Durbin Discusses Rise in Discrimination and Supporting Minority-Owned Businesses with Chinese American Service League
SPRINGFIELD – U.S. Senate Democratic Whip Dick Durbin (D-IL) today discussed the rise in discrimination and hate targeting Asian American and Pacific Islander (AAPI) individuals during the pandemic with representatives from the Chinese American Service League (CASL). Durbin also discussed his push to support minority-owned businesses – who are at greater risk of failing than white owned businesses – through the Paycheck Protection Program (PPP), and CASL’s community-based efforts to provide meals for seniors and expand access to COVID-19 vaccinations.
“This pandemic has been especially hard on Asian American communities, as we’ve seen an increase in harassment and discrimination against AAPI Americans.
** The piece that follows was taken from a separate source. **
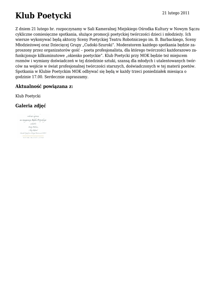 Klub Poetycki 21 lutego 2011 Z dniem 21 lutego br. rozpoczynamy w Sali Kameralnej Miejskiego Ośrodka Kultury w Nowym Sączu cykliczne comiesięczne spotkania, służące promocji poetyckiej twórczości dzieci i młodzieży. Ich wiersze wykonywać będą aktorzy Sceny Poetyckiej Teatru Robotniczego im. B. Barbackiego, Sceny Młodzieżowej oraz Dziecięcej Grupy „Cudoki-Szuroki”. Moderatorem każdego spotkania będzie zaproszony przez organizatorów gość – poeta profesjonalista, dla którego twórczości każdorazowo zafunkcjonuje kilkuminutowe „okienko poetyckie”. Klub Poetycki przy MOK będzie też miejscem rozmów i wymiany doświadczeń w tej dziedzinie sztuki, szansą dla młodych i utalentowanych twórców na wejście w świat profesjonalnej twórczości starszych, doświadczonych w tej materii poetów. Spotkania w Klubie Poetyckim MOK odbywać się będą w każdy trzeci poniedziałek miesiąca o godzinie 17.00. Serdecznie zapraszamy. Aktualność powiązana z: Klub Poetycki Galeria zdjęć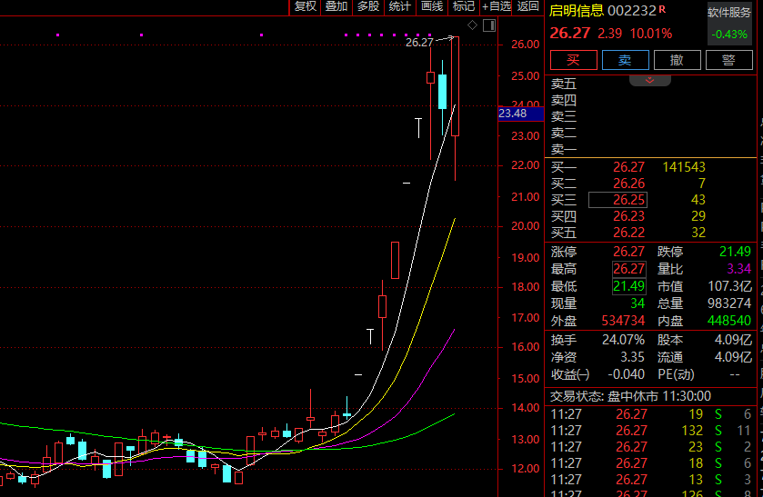 盘面上,医药、猪肉、国防军工、预制菜等板块涨幅居前,公共交通、通信设备、有色、石油等板块跌幅居前。启明信息上演“地天板”,9个交易日6度涨停。

It is totally unacceptable,” Durbin said. “We need to combat these abhorrent instances of hate, including by making an extra effort to support Asian-American communities and minority-owned businesses in this crisis. There is a lot of work to do, but I’m grateful to have friends and partners at CASL to help me get things done.”
President Biden recently issued an executive action directing federal agencies to combat xenophobia against the AAPI community. Specifically, the President directed the Secretary of Health and Human Services, the Attorney General, and other executive departments and agencies to support efforts (1) advancing cultural competency, language access, and sensitivity toward AAPI Americans and (2) preventing discrimination, bullying, harassment, and hate crimes targeting the community.
The December COVID relief bill provided an additional $284 billion for PPP to provide first time and second draw loans. The bill included dedicated set-asides to help ensure that PPP reaches the smallest businesses and businesses underserved by traditional financial institutions. Since PPP reopened in January, more than 95,000 loans worth more than $6.7 billion have been approved in Illinois. Last year, more than 225,000 loans worth $23 billion were approved in Illinois.